Rs.200/- a day i.e. Rs.6,000/- a month. Though admittedly there is no

proof of the wages of the deceased to be Rs.200/- a day, what strikes

the conscious of this Court is the fact that even at the time of accident

i.e. in March, 2006, a Marble Mistri was definitely getting around

rupees 200/- a day which makes it Rs.6,000/- a month. The monthly

income of Rs.3,000/- as assessed by the Tribunal would bring the

income of the deceased who was a Mabel Mistri to only Rs.100/- a

day which could perhaps have been the income of an unskilled labour

then.
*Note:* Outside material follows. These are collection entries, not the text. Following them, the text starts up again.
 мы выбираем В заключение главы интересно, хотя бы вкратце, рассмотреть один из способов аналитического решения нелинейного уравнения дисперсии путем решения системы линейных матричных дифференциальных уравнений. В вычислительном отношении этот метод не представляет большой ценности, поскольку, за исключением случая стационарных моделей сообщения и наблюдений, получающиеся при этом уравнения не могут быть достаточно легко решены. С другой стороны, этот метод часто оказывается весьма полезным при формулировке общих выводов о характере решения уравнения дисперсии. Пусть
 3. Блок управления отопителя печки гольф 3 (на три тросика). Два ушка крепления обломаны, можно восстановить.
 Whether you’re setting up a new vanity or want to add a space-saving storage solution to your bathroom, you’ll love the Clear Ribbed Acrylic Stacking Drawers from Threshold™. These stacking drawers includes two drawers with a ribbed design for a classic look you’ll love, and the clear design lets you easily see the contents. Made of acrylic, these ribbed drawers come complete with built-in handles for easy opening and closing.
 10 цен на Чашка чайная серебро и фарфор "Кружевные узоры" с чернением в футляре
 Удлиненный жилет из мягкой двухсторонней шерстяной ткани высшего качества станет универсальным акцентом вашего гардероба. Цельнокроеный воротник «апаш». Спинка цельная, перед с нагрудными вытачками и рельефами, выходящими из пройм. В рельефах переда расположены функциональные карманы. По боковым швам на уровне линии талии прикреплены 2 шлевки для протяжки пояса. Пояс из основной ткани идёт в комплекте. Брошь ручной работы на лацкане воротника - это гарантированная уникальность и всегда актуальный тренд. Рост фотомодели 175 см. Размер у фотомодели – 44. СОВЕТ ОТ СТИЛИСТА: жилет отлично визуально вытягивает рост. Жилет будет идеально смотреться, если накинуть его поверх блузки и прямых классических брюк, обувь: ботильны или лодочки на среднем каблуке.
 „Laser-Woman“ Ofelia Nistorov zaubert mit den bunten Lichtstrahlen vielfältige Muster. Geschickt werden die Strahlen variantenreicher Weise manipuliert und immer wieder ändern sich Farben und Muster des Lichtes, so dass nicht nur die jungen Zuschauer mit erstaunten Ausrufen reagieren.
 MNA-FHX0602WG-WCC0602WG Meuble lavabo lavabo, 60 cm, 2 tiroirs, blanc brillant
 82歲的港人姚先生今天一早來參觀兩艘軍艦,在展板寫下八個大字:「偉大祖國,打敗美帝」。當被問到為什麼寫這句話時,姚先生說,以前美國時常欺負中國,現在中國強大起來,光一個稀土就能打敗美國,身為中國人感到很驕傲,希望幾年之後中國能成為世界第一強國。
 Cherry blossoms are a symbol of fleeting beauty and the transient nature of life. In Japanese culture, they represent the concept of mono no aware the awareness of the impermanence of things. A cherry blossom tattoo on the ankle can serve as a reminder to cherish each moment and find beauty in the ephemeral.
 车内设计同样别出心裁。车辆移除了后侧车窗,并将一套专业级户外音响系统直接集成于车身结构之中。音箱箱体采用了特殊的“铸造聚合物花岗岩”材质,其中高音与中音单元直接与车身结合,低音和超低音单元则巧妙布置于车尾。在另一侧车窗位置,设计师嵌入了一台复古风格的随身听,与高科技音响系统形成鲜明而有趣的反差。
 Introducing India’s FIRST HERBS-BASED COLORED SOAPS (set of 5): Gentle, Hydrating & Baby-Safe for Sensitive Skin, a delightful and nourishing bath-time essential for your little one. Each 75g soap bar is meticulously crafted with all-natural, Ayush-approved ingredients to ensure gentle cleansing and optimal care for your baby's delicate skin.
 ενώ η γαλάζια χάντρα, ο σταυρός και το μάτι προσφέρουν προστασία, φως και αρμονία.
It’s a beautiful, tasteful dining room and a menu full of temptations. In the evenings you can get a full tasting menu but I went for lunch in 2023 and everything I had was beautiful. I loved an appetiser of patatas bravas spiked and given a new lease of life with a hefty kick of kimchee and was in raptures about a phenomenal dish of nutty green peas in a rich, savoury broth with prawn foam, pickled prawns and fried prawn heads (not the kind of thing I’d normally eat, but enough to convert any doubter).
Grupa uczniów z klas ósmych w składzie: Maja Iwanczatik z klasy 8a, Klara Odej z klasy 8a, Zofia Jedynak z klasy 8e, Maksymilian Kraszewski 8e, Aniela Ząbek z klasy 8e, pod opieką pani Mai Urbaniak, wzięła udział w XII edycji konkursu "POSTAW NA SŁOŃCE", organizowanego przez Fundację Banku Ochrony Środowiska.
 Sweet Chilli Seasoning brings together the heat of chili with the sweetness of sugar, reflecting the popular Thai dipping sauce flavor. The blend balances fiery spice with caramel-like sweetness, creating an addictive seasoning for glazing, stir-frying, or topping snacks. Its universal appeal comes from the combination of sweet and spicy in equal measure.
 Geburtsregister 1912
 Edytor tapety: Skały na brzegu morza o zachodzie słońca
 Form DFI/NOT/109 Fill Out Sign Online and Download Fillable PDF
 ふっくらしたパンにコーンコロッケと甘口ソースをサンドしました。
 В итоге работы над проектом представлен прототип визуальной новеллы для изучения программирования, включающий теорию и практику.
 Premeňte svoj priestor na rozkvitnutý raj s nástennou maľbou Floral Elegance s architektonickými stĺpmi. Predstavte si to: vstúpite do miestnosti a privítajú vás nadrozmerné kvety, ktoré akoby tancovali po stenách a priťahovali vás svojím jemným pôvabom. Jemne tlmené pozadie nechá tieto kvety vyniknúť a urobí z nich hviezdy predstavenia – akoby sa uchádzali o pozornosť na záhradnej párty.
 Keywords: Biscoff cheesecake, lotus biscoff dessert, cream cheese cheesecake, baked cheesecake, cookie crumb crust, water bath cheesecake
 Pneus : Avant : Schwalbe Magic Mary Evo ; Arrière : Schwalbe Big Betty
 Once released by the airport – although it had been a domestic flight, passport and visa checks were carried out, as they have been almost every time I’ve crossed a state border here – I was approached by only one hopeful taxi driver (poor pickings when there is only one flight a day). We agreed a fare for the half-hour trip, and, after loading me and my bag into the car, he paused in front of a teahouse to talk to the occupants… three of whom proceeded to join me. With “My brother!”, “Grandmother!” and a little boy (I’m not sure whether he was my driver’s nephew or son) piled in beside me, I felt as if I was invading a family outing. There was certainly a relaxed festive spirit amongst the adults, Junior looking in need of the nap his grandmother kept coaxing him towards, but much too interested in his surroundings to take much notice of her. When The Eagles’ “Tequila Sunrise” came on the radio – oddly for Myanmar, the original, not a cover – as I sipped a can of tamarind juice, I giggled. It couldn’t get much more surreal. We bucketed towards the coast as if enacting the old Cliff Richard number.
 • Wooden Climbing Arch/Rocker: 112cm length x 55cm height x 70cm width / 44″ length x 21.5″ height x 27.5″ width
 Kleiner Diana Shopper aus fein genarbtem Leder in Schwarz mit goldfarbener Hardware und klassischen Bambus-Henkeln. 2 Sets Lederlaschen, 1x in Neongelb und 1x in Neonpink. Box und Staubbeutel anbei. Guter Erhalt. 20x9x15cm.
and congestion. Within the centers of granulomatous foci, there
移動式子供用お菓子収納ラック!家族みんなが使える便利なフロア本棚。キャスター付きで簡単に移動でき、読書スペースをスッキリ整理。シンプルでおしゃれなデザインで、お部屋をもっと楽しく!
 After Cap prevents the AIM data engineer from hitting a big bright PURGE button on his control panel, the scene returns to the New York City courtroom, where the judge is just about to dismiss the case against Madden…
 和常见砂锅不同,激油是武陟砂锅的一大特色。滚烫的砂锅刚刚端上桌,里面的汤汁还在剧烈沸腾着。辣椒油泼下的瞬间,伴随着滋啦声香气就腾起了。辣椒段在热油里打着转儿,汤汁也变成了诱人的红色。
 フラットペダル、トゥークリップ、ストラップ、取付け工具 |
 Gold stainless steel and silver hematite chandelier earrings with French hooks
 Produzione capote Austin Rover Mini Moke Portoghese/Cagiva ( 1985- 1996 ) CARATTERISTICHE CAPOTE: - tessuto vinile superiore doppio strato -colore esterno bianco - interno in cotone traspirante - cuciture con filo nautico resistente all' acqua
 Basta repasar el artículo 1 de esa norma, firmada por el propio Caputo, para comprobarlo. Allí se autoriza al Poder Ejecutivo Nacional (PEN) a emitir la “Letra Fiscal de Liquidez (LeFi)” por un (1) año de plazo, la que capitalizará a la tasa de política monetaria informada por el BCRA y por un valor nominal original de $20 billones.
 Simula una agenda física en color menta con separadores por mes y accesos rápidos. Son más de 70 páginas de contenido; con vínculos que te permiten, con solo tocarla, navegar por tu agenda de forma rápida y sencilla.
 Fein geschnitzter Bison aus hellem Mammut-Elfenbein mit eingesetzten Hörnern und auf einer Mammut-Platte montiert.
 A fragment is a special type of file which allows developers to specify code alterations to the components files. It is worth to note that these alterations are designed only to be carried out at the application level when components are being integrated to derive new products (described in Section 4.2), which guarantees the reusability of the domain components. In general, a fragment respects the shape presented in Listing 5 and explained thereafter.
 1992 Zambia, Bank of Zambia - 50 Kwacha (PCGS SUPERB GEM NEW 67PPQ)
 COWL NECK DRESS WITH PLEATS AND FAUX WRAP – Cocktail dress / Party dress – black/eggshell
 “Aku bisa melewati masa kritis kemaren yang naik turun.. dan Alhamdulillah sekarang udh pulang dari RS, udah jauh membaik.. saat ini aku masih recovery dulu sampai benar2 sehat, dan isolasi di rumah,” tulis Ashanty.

Thus, this Court is of the opinion that the income assessed by

the Tribunal while quantifying the compensation on the death of the

deceased seems to be on the lower side.

11. Accordingly, this Court assesses the income of the deceased to

be Rs.6,000/- per month in stead of Rs.3,000/- which would bring the

annual income of the deceased to be Rs.72,000/-. Applying the

multiplier of 17 the amount would come to Rs.12,24,000/- of which if

1/3 is deducted towards self expenses i.e. Rs.4,08,000/- from

Rs.12,24,000/-, the amount would come to Rs.8,16,000/- which would

be the amount of compensation payable to the appellant as also the

respondent no.4 widow.

12. This Court at this juncture would not like to interfere with the

other compensation awarded by the Court below. Thus, the total

compensation payable to the appellant and the respondent no.4

widow would become 8,16,000 + 20,000 (compensation paid towards

other heads) = Rs.8,36,000/- in stead of Rs.4,28,000/- as quantified

by the Claims Tribunal.

13. The impugned award thus stands modified to the aforesaid

extent. The rate of interest as awarded by the Tribunal shall remain

intact. The distribution of compensation between appellant and

respondent no.4 would also be at the same ratio as has been ordered

by the Tribunal. The Insurance Company shall make the necessary

payment at the earliest preferably within a period of 60 days from the

date of receipt of copy of this order.

14. The appeal thus stands allowed and disposed of.